> _Your instructions_
Give back the exact lines of the material below from the one containing "Midcentury era. 60s" through the one containing "It goes on a", and no pictures.

> _Provided data_
········

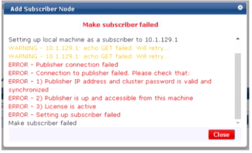 A customer is doing a new ClearPass installation and is setting up clustering between two ClearPass servers running a 6.8.6 version. The ClearPass server failed to add the subscriber node. The customer was able to login to the console of the ClearPass server with the same CLI password used during the cluster setup. The customer has sent you the screenshots seeking your support Why did an attempt to add a subscriber node failed showing that error?
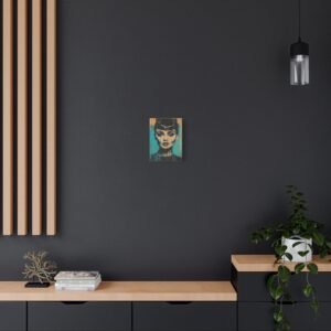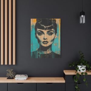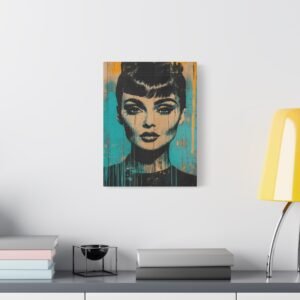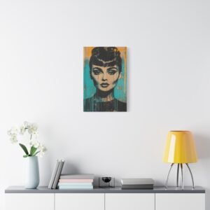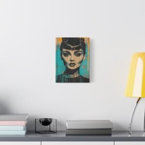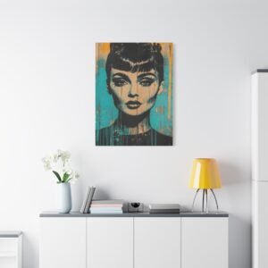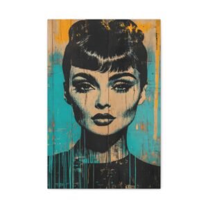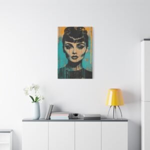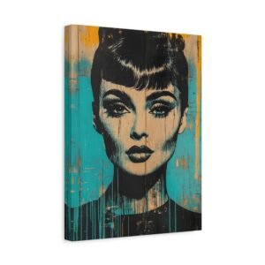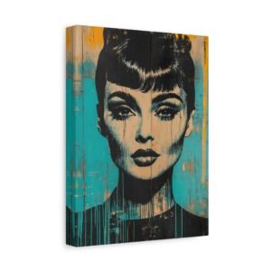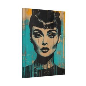 Les éclaboussures abstraites en turquoise et or dansent autour de l’iconique silhouette « Breakfast at Tiffany », tandis que la technique de peinture dégoulinante ajoute une dimension rebelle à cette œuvre unique. Les éléments géométriques et les textures graffiti créent un contraste saisissant avec l’élégance intemporelle de l’actrice.
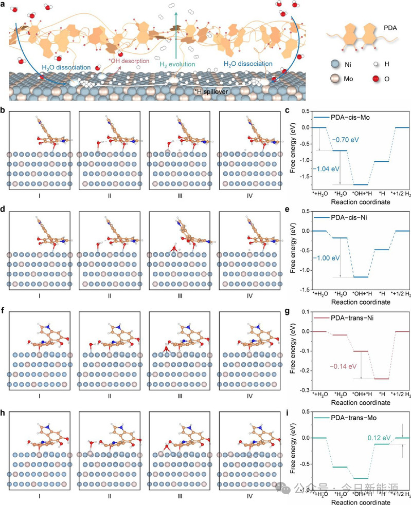 图6. 催化机理的计算理解。(a) Ni₄Mo@PDA上PDA配位多位点网络的示意图。亮蓝色和米色球体代表PDA配位的Ni和Mo位点。(b-i) HER在PDA-cis-Mo、PDA-cis-Ni、PDA-trans-Ni和PDA-trans-Mo位点上的优化构型(b,d,f,h)及相应的吉布斯自由能曲线(c,e,g,i)。原子颜色:蓝色,Ni;米色,Mo;橙色,C;红色,O;深蓝色,N;白色,H。快照:(I) PDA配位构型,(II) H₂O吸附,(III) H₂O解离为*OH和*H,(IV) H₂形成/脱附。
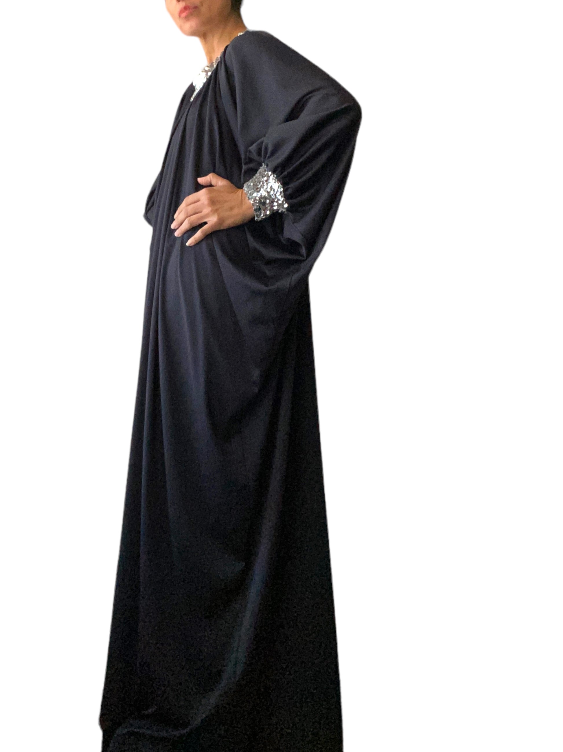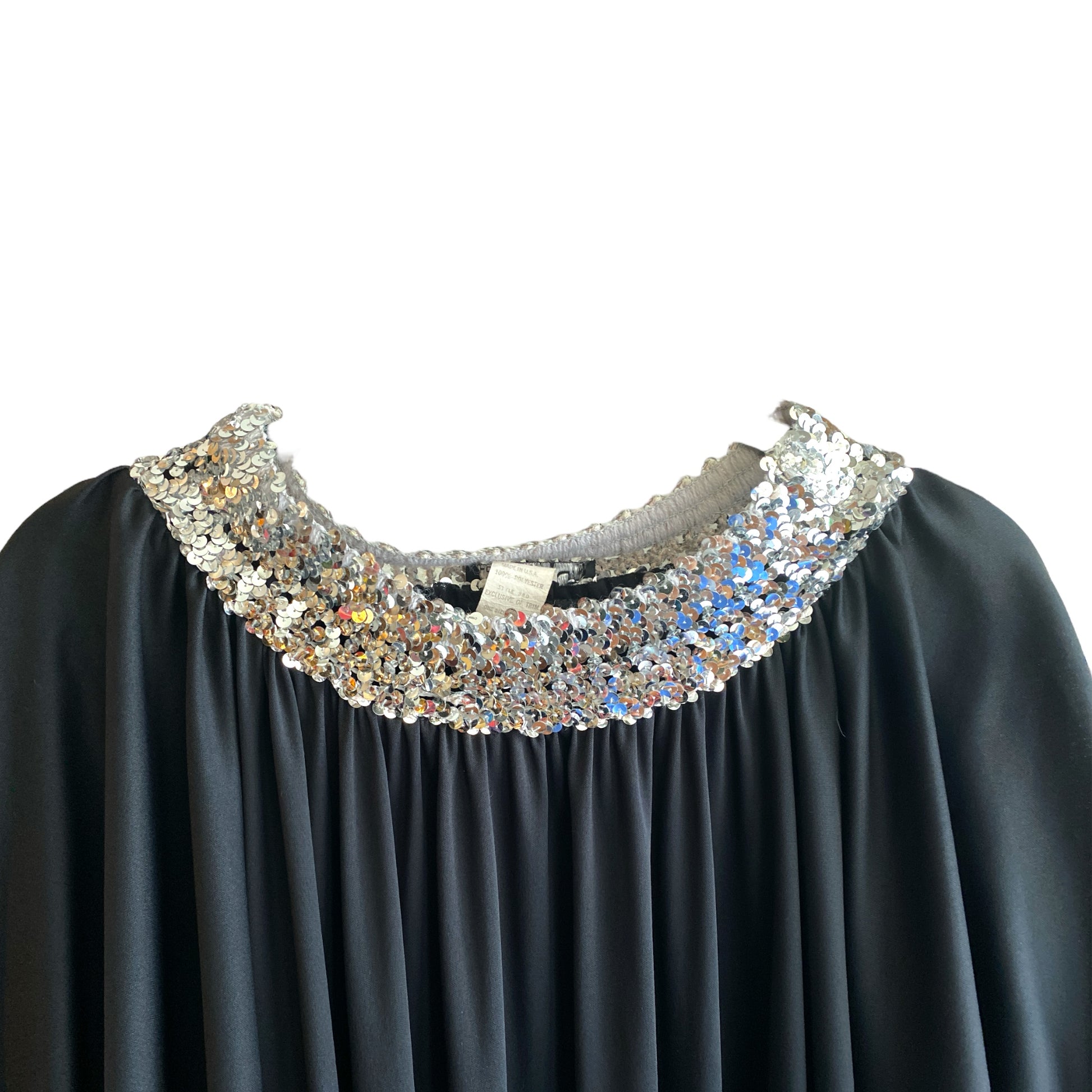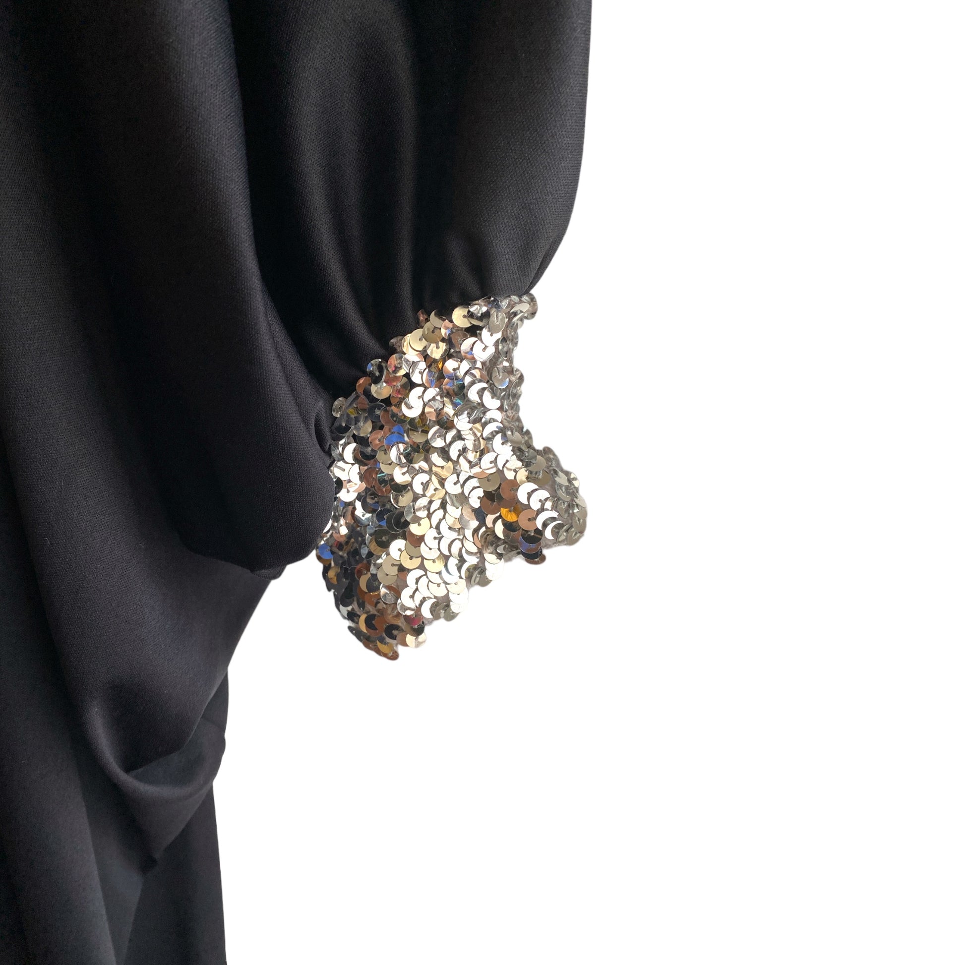 Midcentury era. 60s domestic goddess with cosmopolitan in hand. Silver sequin collar and cuffs. Dolman sleeves. Poly
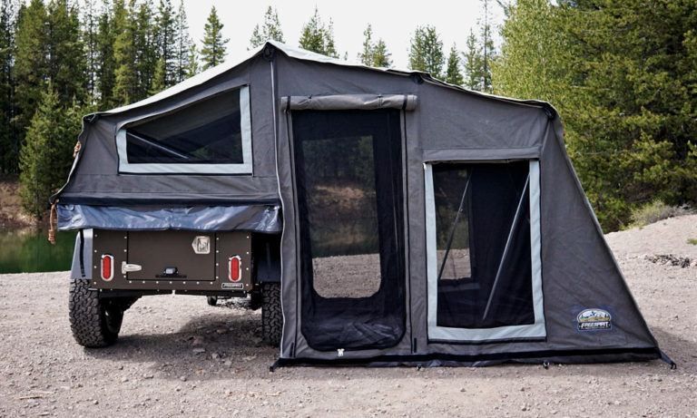 It goes on a trailer, or on a lower truck bed, not on the roof of a vehicle. It needs to be mounted about 44”-45” above the ground so the vestibule portion rests on the ground.
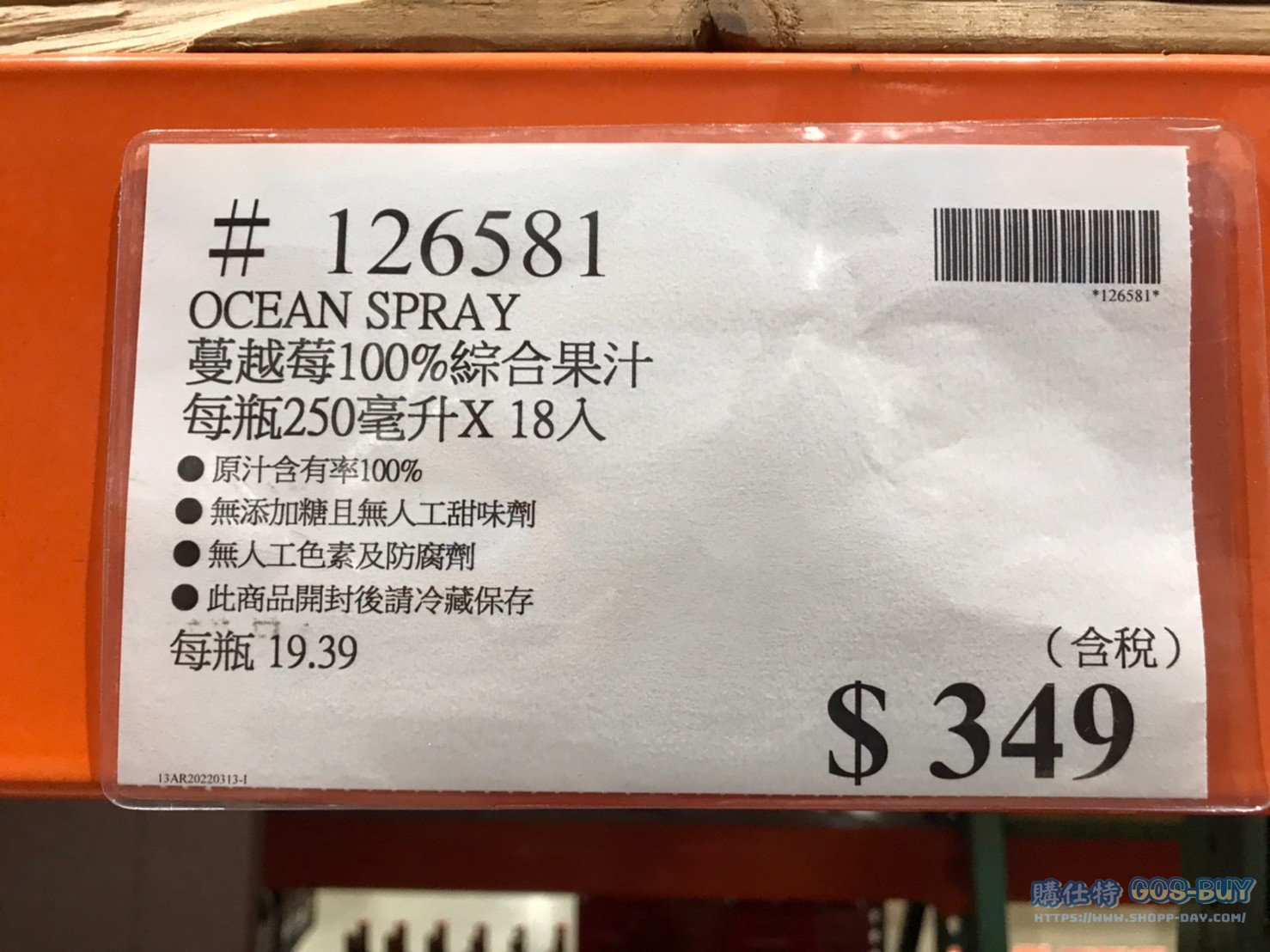 家零食&飲料 OCEAN SPRAY 蔓越莓100%綜合果汁#126581 By 網站小編 2022 年 4 月 16 日 258 產品資訊 產品資訊 產品名稱OCEAN SPRAY 蔓越莓100%綜合果汁 每瓶250毫升X18入 #126581價格349產地台灣包裝規格250毫升X18入保存期限一年備註原汁含有率100%無添加糖且無人工甜味劑無人工色素及仿腐劑此商品開封後請冷藏保存→商品問題回報← 相關 標籤果汁蔓越莓 前一篇文章激浪汽水易開罐 330毫升 X 24入 #109171下一篇文章THE LEARNING 齒輪積木恐龍/越野車 #2293002 網站小編https://shopp-day.com 或許你也感興趣 價格優惠資訊 2025好市多客製生日蛋糕價格表 價格優惠資訊 好市多Line社群加入方法 保健品&藥品 新甘木堅胃腸藥顆粒40包 #194496 購仕特-CosBuy 查詢排行 價格優惠資訊 2025好市多客製生日蛋糕價格表 價格優惠資訊 好市多Line社群加入方法 保健品&藥品 新甘木堅胃腸藥顆粒40包 #194496 價格優惠資訊 2025好市多會員護照-春季專案商品一覽表 價格優惠資訊 好市多美國牛肉整箱銷售價格表(2024/5/7) 裝載更多 熱門推薦 美國零食 科克蘭葡萄乾巧克力#959987 冷藏飲品 BLUE DIAMOND 無糖原味杏仁飲1.89L #129794 西班牙零食 MR.BROWNIE 巧克力布郎尼#153753 泰國零食 A&R牛奶巧克力迷你甜筒餅乾#1744884 比利時零食 科克蘭烈酒與波特酒巧克力 #1351451 裝載更多
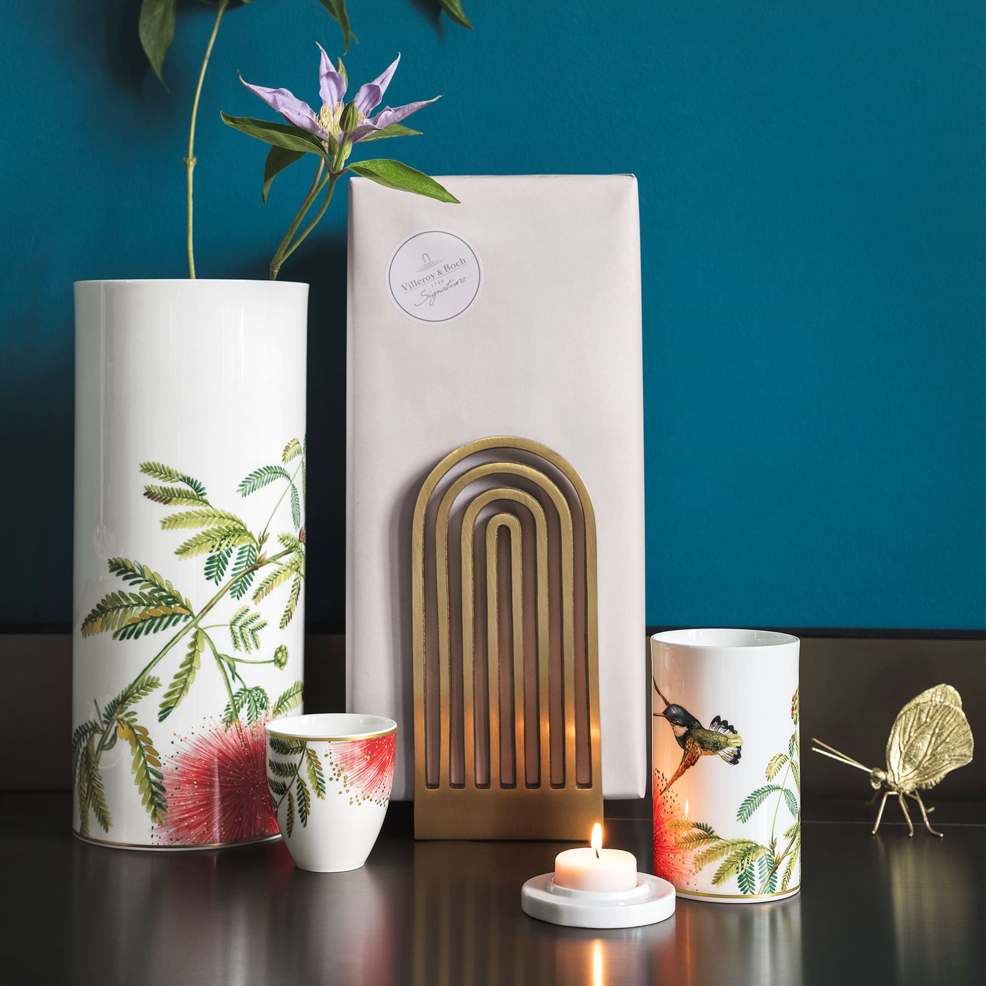 Magnificent orchids, enchanting hummingbirds and colourful butterflies straight from a tropical rainforest – the Amazonia crockery and gifts collection lets you follow in the footsteps of the naturalist Alexander von Humboldt. Each element is an exclusive eye-catcher made from fine Premium Bone Porcelain that takes you on a voyage of discovery to the true beauty of nature. Elegant napkin rings add the finishing touch to your beautifully set table while underlining your love for detail. Go on your own style expedition with a floral Home decor.

········

> _Response to the exercise_
 Midcentury era. 60s domestic goddess with cosmopolitan in hand. Silver sequin collar and cuffs. Dolman sleeves. Poly
 It goes on a trailer, or on a lower truck bed, not on the roof of a vehicle. It needs to be mounted about 44”-45” above the ground so the vestibule portion rests on the ground.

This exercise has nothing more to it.